В этом походе Ванну должно было стукнуть сорок четыре. По меркам подводного флота, он уже считался стариком, однако его дорога на капитанский мостик «Портленда» получилась далеко не прямой. В черных волосах Ванна на висках проскальзывала седина. От взгляда его карих глаз в центральном посту, залитом холодным светом, не могло укрыться ничто, а на худом, угловатом лице застыло выражение, в котором смешивались хладнокровный расчет инженера-ядерщика и абсолютная уверенность в себе опытного подводника.
Ванн был «суперъядерщиком»; он начинал службу на флоте, обслуживая атомные силовые установки подводных лодок. В военно-морском флоте любого другого государства, где инженеры и капитаны занимаются только своими, четко разграниченными обязанностями, Ванн никогда не стал бы командиром лодки.

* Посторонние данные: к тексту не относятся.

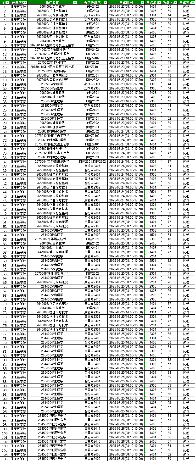 2024-2025学年第二学期期末考试安排(第18周)(二)
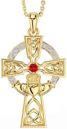Diamond Ruby Gold Silver Claddagh Celtic Cross Necklace
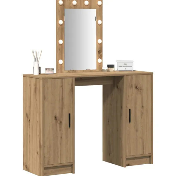 Det moderna sminkbordet kombinerar stil och funktion helt perfekt med sin smidiga design. Gjort av konstruerat trä ger den matta ytan en sofistikerad känsla, så det blir en central möbel i moderna sovrum. Bordet är inte bara en plats för smink utan lyfter även stämningen med sin stiliga design och smarta förvaringslösningar. De mjukt integrerade LED-lamporna, som drivs av USB, ger ett varmt ljus som gör att du ser bra ut när du fixar dig.
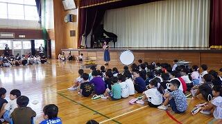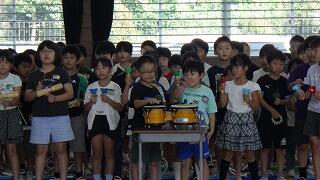 2年生の発表は,「森のたんけんたい」。1番は歌と手拍子,2番は歌と打楽器,3番は合奏とバラエティに富んだ演奏に,子供たちから歓声が上がりました。元気いっぱいの歌声,多くの種類の打楽器の音色が響き,とても楽しい演奏でした。
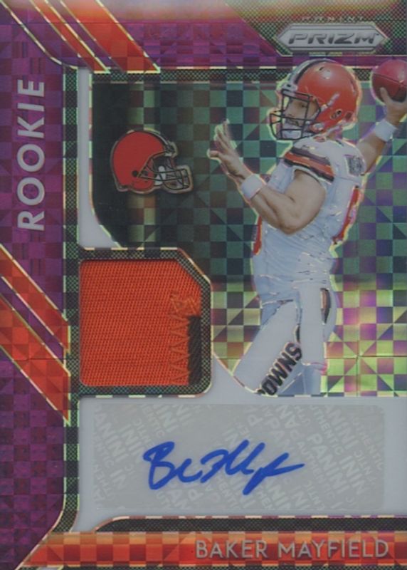The Baker Mayfield 2018 Prizm #RPA-BM Rookie Patch Auto - Purple Power /50 card in Raw condition has not changed in price in the last 30 days and was last sold for $137.50 .
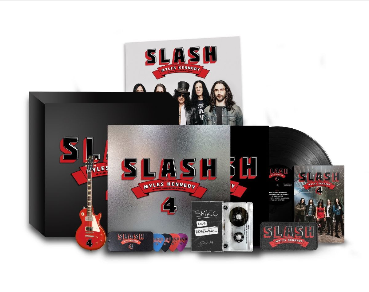 I cofanetti sono completati da Cassetta contenente prove live di quattro brani (“Live Rehearsal Tape 5/28/21”), una mini-chitarra Les Paul Axe Heaven Custom Limited Edition 4 Slash, 4 plettri Slash Custom con contenitore, libro fotografico, patch, litografia 12” – http://www.slashonline.com
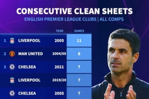 英超球隊(duì)最長(zhǎng)零封榜:阿森納當(dāng)前6場(chǎng)列第10 ,05年利物浦11場(chǎng)居首
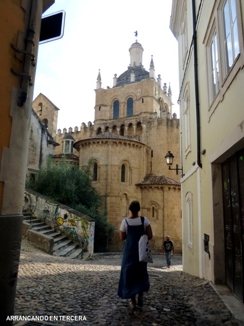 En hora y cuarto llegamos a nuestra próxima parada: COÍMBRA. Peaje 8€. Aparcamos cerca del Mercado Municipal, en un parking público donde metemos 1,60€ para unas 2 horas. De ahí caminamos unos 15 minutos hasta llegar a un centro histórico en cuesta arriba permanente. Por cierto, el sol que se había ocultado quitándonos las ganas de baño en Nazaré decidió salir esplendoroso para acompañarnos en nuestra visita turística cuesta arriba.
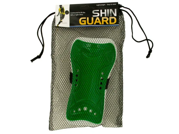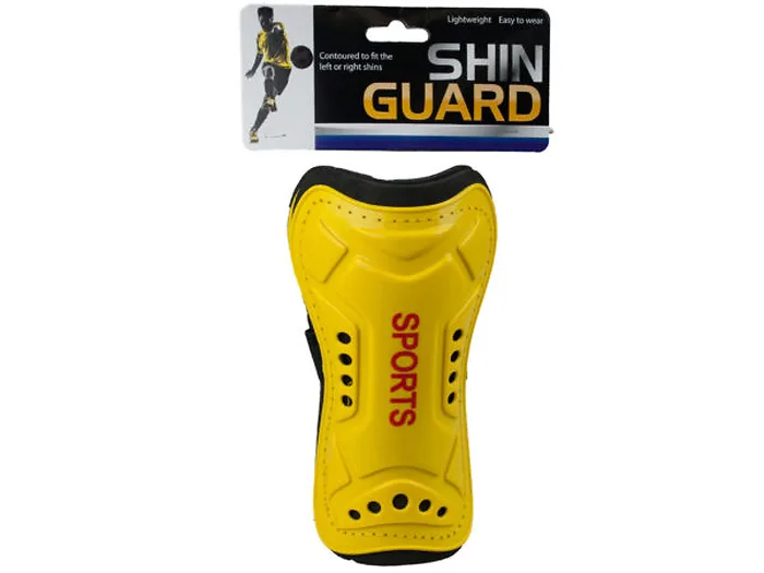 Guard yourself from injuries while playing soccer with this 2-piece Protective Contoured Shin Guards Set featuring tough yet lightweight plastic guards with foam backings for comfort and elastic straps with hook and loop closures for easy wear and removal. Guards are contoured to fit left or right shins. Comes in assorted colors. Comes packaged in a poly bag with a header card.
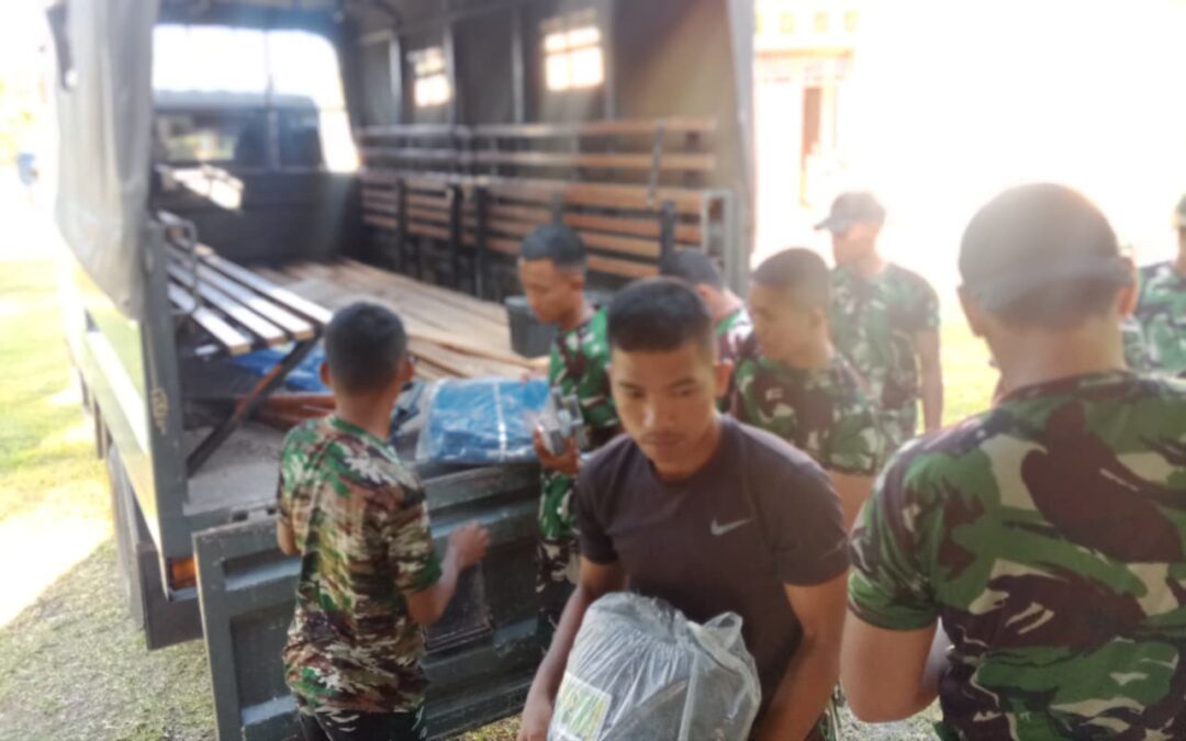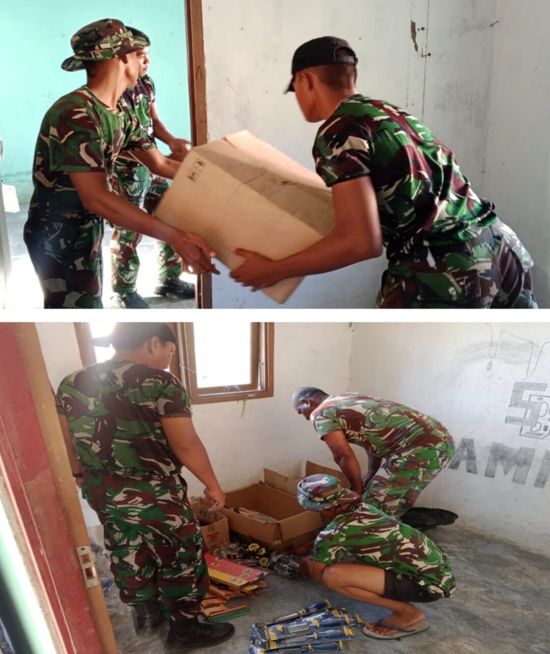 Dalam kegiatan tersebut, personel Satgas TMMD terlihat membongkar dan menata berbagai perlengkapan kerja yang baru didatangkan, mulai dari alat pertukangan seperti palu, pahat, meteran, linggis, skop, hingga perlengkapan pendukung lainnya yang akan digunakan dalam proses pembangunan rumah warga.

Однако Военно-морской флот Соединенных Штатов не доверит подводную лодку тому, кто в первую очередь не является опытным специалистом-ядерщиком. И вот среди этих придирчивых людей, вникающих во все мелочи, Ванн считался одним из лучших.
Первый раз ему доверили командовать совершенно новой подводной лодкой, вышедшей в свой первый испытательный поход. Ванн вернул корабль на судостроительную верфь с перечнем критических замечаний на семидесяти пяти страницах.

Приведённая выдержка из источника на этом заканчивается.